4. it is " movable " when E-AC-3 encoder (LPSM value is inserted in bit stream), and is receiving and do not have When " trusting " the AC-3 frame indicated, loudness controller (such as, the loudness processor of the encoder 100 of Fig. 2 embedded in encoder 103) should be movable.LPSM block generates and continues, and loudness correction type code is configured to " 0 ".Loudness controller swashs Sequence of living should be synchronized to wherein the beginning of the decoding AC-3 frame of " trust " marks obliterated.Loudness controller activation sequence should Implemented as described below: smoothing tolerance controls to increase to be worth 9, and leveller across 1 audio block cycle (such as, 5.3 milliseconds) from value 0 Return end quantifier controls to be placed in " activity ", and (this operation should cause bumpless transfer to pattern, and includes that return terminates Quantifier comprehensive reduction)；And

5., during encoding, graphical user interface (GUI) should indicate following parameter to user: " input audio program: [trust/mistrustful] " existence that indicates based on " trust " in input signal of the state of this parameter；And " ring in real time Degree correction: [enable/disable] " this parameter state based in encoder embed loudness controller whether be movable.
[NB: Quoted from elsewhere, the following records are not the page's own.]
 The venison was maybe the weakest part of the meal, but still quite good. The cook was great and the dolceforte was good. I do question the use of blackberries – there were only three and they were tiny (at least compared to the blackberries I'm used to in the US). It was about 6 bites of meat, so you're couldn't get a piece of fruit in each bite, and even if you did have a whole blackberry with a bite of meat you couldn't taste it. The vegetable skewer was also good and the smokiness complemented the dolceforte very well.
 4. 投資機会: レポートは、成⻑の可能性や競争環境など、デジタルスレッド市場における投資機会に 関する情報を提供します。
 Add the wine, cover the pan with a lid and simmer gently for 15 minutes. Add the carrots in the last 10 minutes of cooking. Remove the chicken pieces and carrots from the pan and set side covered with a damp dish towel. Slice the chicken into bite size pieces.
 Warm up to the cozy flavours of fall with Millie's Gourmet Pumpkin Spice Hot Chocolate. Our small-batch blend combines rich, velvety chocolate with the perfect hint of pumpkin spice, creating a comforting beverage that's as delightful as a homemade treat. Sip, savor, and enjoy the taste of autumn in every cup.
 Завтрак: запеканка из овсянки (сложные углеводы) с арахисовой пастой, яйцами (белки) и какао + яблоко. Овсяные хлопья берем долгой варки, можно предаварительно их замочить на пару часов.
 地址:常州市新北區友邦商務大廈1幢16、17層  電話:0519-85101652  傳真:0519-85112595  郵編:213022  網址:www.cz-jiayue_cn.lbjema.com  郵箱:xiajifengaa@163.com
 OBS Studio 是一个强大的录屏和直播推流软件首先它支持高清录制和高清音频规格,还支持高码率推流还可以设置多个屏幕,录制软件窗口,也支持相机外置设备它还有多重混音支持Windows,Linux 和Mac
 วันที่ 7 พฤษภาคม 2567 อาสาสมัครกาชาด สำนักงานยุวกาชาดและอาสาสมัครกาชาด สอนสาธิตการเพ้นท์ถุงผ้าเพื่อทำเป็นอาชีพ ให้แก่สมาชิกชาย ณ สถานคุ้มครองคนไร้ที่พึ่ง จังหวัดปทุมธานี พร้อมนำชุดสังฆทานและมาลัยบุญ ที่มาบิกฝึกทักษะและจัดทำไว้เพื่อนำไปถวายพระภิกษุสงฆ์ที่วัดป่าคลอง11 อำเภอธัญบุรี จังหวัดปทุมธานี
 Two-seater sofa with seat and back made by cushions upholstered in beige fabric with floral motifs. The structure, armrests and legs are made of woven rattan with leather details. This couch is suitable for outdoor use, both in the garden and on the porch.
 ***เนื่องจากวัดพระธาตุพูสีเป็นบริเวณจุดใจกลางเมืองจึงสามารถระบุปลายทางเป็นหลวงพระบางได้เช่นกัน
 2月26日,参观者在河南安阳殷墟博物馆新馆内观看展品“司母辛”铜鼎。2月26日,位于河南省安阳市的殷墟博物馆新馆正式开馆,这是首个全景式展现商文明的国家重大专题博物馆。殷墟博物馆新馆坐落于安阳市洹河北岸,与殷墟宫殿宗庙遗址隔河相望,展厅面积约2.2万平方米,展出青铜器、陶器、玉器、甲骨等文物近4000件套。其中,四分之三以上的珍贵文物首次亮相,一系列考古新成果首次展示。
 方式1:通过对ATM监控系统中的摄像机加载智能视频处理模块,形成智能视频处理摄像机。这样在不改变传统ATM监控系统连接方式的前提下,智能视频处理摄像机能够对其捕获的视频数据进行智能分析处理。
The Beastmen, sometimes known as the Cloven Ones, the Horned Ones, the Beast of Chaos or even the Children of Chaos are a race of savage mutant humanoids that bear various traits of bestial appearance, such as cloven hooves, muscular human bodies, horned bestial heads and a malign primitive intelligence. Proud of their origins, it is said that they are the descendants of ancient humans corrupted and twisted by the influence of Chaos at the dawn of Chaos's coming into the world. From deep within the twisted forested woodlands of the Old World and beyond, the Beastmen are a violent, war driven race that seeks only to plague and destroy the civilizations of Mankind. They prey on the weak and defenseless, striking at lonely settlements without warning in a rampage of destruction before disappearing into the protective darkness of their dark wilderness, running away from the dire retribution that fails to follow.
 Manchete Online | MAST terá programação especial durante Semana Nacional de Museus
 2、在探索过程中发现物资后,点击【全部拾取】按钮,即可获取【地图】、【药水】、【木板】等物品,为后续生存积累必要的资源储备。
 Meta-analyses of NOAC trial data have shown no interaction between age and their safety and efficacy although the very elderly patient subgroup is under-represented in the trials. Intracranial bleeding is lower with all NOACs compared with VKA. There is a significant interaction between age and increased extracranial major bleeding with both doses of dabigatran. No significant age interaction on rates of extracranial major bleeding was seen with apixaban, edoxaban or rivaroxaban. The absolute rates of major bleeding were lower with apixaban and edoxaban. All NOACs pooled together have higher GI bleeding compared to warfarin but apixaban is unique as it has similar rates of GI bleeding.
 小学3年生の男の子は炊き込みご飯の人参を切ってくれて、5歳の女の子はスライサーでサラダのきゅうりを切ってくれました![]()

When to make LSPM (with preferred form) be included in bit stream each frame useless position section or skip field section or When AC-3 or E-AC-3 bit stream in " addbsi " field of bit stream information (" BSI ") section is decoded, decoder should (in useless position section or addbsi field) LPSM blocks of data is analyzed and the LPSM value all extracted is transferred to Graphical user interface (GUI).Set in the LPSM value that every frame refreshing is extracted.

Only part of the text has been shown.